No atlas de histologia que foi consultado [1], há duas grandes seções de capítulos: os relacionados a tecidos (epitelial, conjuntivo, muscular, etc.) e os relacionados a sistemas (digestivo, respiratório, urinário, etc.).

O capítulo chamado “Tecido muscular” (pp. 44-47) apresenta os três tipos de fibras musculares: liso, estriado esquelético e estriado cardíaco. Para ilustrar o tecido muscular estriado esquelético foi escolhida justamente uma amostra da língua. O corte apresentado foi analisado em microscópio óptico com aumento de 320 vezes. Por questões de direito autoral, a lâmina não pode ser apresentada aqui. Mas o leitor pode acompanhar pelo “Atlas Eletrônico de Histologia”: nesta página, a primeira e a terceira imagens apresentam, respectivamente, um corte longitudinal e um corte transversal da musculatura da língua. Mais ilustrativa ainda é a seção “Tecido muscular esquelético estriado” do site “Microscopia onLine” (embora não se trate de musculatura específica da língua).
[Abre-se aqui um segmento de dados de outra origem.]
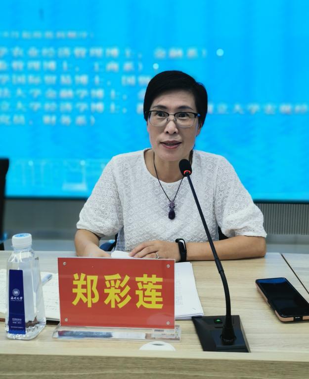 郑彩莲书记首先介绍了郑阳阳、李慧慧、章素珍、熊礼慧、张博等五位新入职的博士,欢迎他们加入商学院大家庭,希望各位新教师尽快适应新环境,时刻牢记立德树人的初心,为校院发展做贡献,学院还将专门为新教师举行入职仪式。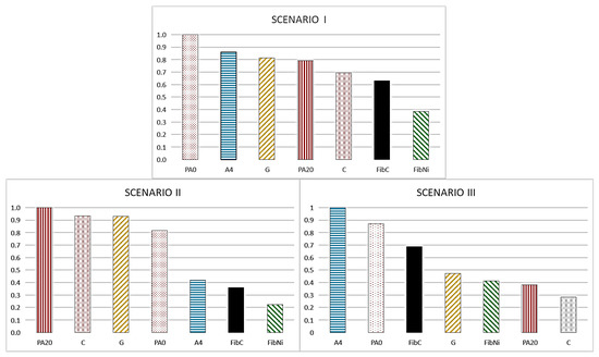 To better understand whether these materials can have a real use from an environmental point of view, it was deemed necessary to carry out a weighted comparison of the technical characteristics of the materials and the environmental impact associated with their production process, by using the Super-decisions software. The Super-decisions multi-criteria analysis results are reported in Figure 7. The values are normalized to the best material for each scenario so that the best option has a value of 1 and the others show a lower level of performance proportional to the best material.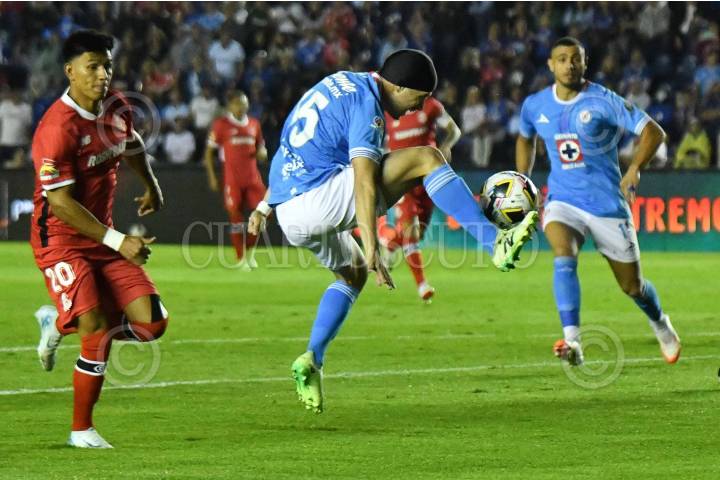 CIUDAD DE MÉXICO, 20JULIO2014.- José Rivero, mediocampista de Cruz Azul, controla el balón ante la presencia de Jesús Gallardo, defensa de Toluca, durante el partido correspondiente a la jornada 4 del Torneo Apertura 2024 de la Liga MX llevado a cabo en el estadio Ciudad de los Deportes. FOTO: MARIO JASSO/CUARTOSCURO.COM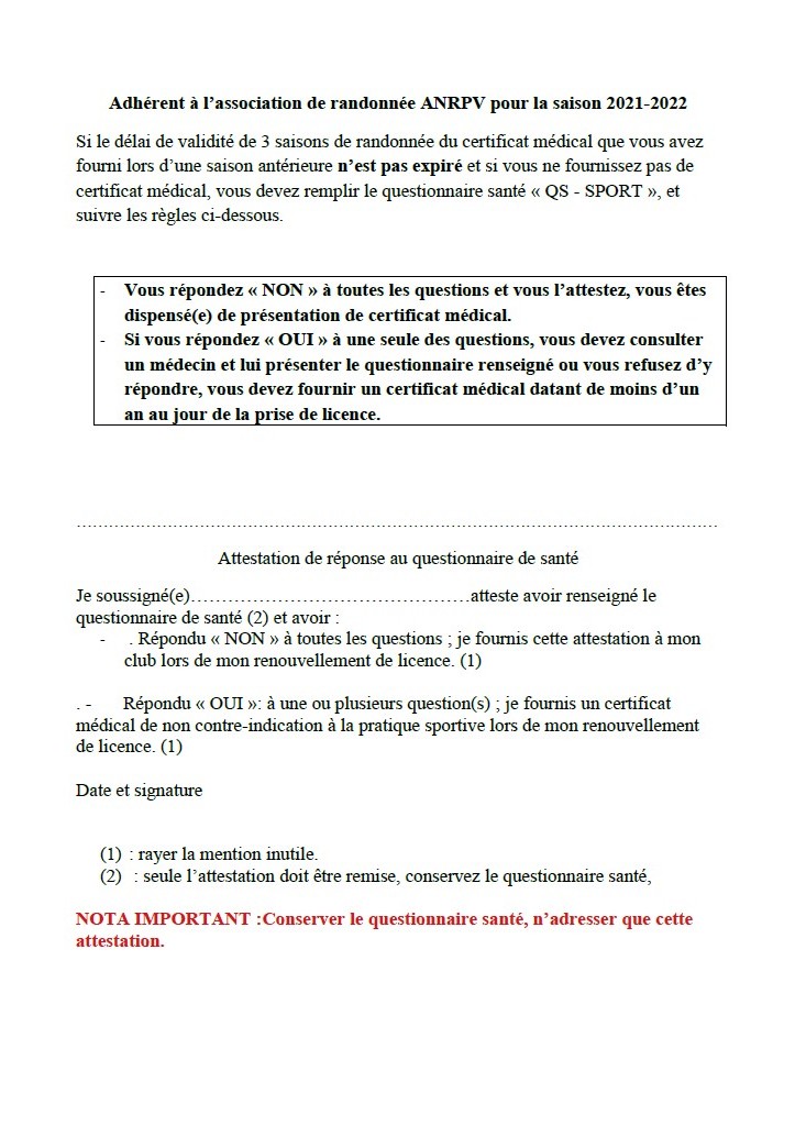 Note pour Questionnaire Santé

O autor do atlas [1] apresenta as fibras musculares da língua como sendo da variedade esquelética, mas, conforme apontei no texto anterior desta série, os músculos intrínsecos da língua não são realmente esqueléticos (por não se originarem ou se inserirem em ossos do esqueleto). Entretanto, por serem os únicos quatro músculos estriados do organismo a não se encaixarem na classificação, a nomenclatura é mantida.

No corte apresentado [1]:

  • São vistos fascículos orientados longitudinalmente e outros orientados transversalmente. Talvez este tenha sido o motivo para a escolha da língua para ilustrar esta variedade muscular: em qualquer tipo de corte (sagital, coronal ou axial) na língua, encontram-se fibras musculares orientadas em diferentes sentidos (ver seção “Atlas anatômico tridimensional dos músculos da língua” neste texto).
  • Nas fibras com orientação longitudinal, observam-se claramente linhas mais escuras intercalando-se com linhas mais claras. É exatamente este aspecto listrado que confere a esta musculatura o nome de “estriada”. As linhas correspondem a filamentos de actina (bandas claras) ou a filamentos de actina e miosina (bandas escuras). Maiores informações na seção “A célula muscular” deste texto.
  • São vistos claramente diversos fascículos, ou seja, coleções de células musculares reunidas por tecido conjuntivo. O tecido conjuntivo que delimita fascículos musculares é chamado de perimísio. No corte apresentado, especificamente em relação aos fascículos orientados transversalmente, há três deles que estão completos e que possuem 4, 12 e 22 células.
  • No interior da cada fascículo, também é possível visualizar que as células apresentam certa distância entre si. Esta distância é causada pela presença de tecido conjuntivo, o qual, neste caso, recebe o nome de endomísio. A presença do endomísio demonstra outra característica das fibras musculares: elas não se anastomosam, ou seja, não se comunicam entre si.
  • Veem-se claramente células musculares multinucleadas e com os núcleos posicionados na periferia das células. Estas são características específicas das células musculares. Devido à grande extensão das fibras musculares, são necessários diversos núcleos para controlar a síntese de proteínas. Além disso, os núcleos não se posicionam no centro da célula para não interferirem nas suas propriedades contráteis.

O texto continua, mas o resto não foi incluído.